I drown those thoughts or I try to take them captive as my good Christian friends say. Even captive, they’re still there, rattling their chains. I looked at the telescope appraisingly, blithely ignoring my inner turmoil. I refuse it, on my good days. No. I practice saying a stern “no” to myself.

Something about the telescope didn’t look right, like it was missing. So I called Caleb, which is what I do when something doesn’t look right.

“ONSITE, this is Caleb.” He was a little breathless.

“Honey, I’m loading up the telescope, it looks like maybe there’s a piece missing?”

“Yeah, there was that whole black bag full of stuff your parents brought. I think it’s in the garage somewhere? On a cabinet, maybe?” He started to talk to someone who knocked on his office door “No, that’s not the right sample,” another phone rang in the background, another person started talking to him. “Babe, I gotta go. I’m slammed this afternoon. Love you!”

“Love you too.” I hung up and looked at the phone in my hand.

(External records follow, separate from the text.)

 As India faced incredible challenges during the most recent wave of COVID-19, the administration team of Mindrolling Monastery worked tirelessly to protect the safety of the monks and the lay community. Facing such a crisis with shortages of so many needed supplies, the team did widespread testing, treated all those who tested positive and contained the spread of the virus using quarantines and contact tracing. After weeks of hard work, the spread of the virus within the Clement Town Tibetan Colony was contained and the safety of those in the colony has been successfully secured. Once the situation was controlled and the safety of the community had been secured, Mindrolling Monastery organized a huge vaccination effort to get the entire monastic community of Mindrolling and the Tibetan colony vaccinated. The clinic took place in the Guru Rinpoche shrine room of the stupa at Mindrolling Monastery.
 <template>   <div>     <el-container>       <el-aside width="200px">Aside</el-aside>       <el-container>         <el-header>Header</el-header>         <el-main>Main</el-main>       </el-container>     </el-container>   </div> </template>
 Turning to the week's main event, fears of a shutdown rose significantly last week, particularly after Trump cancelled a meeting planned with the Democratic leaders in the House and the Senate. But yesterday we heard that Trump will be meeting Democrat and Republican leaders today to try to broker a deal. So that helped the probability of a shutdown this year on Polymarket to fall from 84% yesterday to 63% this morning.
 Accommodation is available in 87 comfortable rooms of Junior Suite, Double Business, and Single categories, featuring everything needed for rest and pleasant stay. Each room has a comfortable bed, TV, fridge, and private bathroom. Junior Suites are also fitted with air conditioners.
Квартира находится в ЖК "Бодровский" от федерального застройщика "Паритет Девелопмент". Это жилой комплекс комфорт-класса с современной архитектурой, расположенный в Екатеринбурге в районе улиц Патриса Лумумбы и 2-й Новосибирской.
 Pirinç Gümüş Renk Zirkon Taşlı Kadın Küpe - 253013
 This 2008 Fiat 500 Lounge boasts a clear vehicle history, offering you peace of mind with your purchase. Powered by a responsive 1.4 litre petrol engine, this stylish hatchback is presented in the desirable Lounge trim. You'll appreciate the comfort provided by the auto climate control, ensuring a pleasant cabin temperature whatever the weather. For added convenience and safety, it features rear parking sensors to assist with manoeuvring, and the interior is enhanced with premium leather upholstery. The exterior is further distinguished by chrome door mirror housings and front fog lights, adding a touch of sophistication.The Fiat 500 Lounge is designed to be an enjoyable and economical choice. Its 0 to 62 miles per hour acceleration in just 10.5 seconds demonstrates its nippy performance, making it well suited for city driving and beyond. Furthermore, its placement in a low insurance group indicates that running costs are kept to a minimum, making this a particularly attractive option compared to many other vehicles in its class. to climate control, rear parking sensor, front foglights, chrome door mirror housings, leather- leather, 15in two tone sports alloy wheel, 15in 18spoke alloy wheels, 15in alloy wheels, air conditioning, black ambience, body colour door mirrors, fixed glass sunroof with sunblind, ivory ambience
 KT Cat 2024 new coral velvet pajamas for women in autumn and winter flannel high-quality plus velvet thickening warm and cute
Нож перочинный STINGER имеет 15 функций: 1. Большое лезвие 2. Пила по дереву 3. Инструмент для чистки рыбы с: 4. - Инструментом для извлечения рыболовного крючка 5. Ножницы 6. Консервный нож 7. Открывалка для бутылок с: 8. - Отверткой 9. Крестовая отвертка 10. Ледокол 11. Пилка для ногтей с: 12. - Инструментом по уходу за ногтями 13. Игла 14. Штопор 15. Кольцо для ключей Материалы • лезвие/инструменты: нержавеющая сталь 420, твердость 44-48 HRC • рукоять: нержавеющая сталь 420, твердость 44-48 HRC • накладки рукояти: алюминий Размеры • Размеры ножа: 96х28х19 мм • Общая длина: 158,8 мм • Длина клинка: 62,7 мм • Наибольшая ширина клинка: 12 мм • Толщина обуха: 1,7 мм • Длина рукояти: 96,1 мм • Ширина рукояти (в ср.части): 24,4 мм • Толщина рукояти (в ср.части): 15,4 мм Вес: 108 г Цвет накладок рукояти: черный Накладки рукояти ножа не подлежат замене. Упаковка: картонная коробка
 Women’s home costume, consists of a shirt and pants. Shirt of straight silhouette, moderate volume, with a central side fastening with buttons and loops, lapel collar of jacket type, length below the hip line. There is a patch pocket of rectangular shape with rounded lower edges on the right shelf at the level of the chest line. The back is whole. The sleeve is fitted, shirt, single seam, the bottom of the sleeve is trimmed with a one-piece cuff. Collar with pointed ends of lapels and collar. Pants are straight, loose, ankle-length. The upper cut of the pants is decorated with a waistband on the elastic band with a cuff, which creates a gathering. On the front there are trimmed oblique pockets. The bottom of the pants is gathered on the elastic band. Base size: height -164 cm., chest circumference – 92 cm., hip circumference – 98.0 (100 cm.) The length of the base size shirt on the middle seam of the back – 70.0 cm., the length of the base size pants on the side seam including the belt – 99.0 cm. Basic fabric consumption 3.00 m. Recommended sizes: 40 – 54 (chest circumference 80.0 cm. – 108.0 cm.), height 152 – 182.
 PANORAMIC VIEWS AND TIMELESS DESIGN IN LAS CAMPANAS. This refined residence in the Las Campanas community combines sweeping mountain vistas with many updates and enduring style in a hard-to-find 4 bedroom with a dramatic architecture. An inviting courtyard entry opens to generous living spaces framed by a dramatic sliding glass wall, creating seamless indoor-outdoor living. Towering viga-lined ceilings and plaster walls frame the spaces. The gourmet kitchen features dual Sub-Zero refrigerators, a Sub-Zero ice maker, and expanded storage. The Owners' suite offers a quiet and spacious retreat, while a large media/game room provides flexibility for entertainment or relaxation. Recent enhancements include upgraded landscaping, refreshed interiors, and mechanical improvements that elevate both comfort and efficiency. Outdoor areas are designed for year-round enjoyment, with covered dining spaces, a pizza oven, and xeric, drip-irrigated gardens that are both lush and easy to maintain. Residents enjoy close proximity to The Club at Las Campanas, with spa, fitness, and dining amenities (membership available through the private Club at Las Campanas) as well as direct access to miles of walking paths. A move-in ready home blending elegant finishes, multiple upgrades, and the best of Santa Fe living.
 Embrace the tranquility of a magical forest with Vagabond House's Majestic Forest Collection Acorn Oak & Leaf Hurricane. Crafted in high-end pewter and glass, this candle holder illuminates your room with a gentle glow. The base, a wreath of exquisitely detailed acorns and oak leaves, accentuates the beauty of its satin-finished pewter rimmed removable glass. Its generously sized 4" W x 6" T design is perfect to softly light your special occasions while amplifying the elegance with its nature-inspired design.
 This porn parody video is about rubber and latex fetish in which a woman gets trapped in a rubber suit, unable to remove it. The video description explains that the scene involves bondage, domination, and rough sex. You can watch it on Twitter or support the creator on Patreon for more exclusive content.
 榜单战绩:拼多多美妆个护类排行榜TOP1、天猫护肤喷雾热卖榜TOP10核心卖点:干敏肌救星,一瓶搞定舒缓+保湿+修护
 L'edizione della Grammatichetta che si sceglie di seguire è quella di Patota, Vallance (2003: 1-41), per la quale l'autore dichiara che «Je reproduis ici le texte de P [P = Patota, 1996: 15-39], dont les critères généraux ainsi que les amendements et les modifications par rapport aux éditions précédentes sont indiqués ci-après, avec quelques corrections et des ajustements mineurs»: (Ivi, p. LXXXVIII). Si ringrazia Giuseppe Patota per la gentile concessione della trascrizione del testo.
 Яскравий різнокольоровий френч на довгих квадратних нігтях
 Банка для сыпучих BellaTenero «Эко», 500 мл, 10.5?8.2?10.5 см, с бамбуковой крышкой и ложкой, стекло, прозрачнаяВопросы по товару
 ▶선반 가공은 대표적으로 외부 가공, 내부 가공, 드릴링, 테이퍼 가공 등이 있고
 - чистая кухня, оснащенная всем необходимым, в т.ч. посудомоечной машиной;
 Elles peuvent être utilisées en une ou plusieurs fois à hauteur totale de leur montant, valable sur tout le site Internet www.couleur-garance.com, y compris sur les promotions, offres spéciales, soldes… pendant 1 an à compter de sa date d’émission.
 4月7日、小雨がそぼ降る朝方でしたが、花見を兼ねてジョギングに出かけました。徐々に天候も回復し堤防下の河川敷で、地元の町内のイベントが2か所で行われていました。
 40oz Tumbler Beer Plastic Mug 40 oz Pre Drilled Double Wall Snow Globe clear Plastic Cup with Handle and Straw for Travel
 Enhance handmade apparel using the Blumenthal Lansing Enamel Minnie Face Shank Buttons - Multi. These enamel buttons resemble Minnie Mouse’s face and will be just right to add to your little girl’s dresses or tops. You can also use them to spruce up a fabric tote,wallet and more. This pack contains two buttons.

I took a deep breath, we’re both slammed, that’s the end of it. The baby had resettled, the boys quieted in the family room, lulled into a Netflix coma. I pocketed my phone, dragged out the stool, and stood on tiptoe, blindly groping for a bag full of parts on the tippiest toppiest shelf of the cabinet. It was right there at my fingertips. I dragged it down and dusted it off. In the cloth grocery bag were a couple of boxes full of lenses and a smaller telescope. It had sat for over two years after my parents drove from Pennsylvania to Georgia for a visit over Christmas and hauled the telescope with them on their trip down the Eastern seaboard. Connor was three and had been into a space phase and asking for a telescope. He and I had tried to count the stars using tally marks before bed while his Daddy worked late into the night on project after project those couple of years ago. We’d learned the planet names, some constellations and their confusing myths.

“We never use this thing,” my Dad said. “I think it was Scott’s? Or Emily’s? You can have it, if you’ll use it.”

There are few things better than a hand-me-down telescope.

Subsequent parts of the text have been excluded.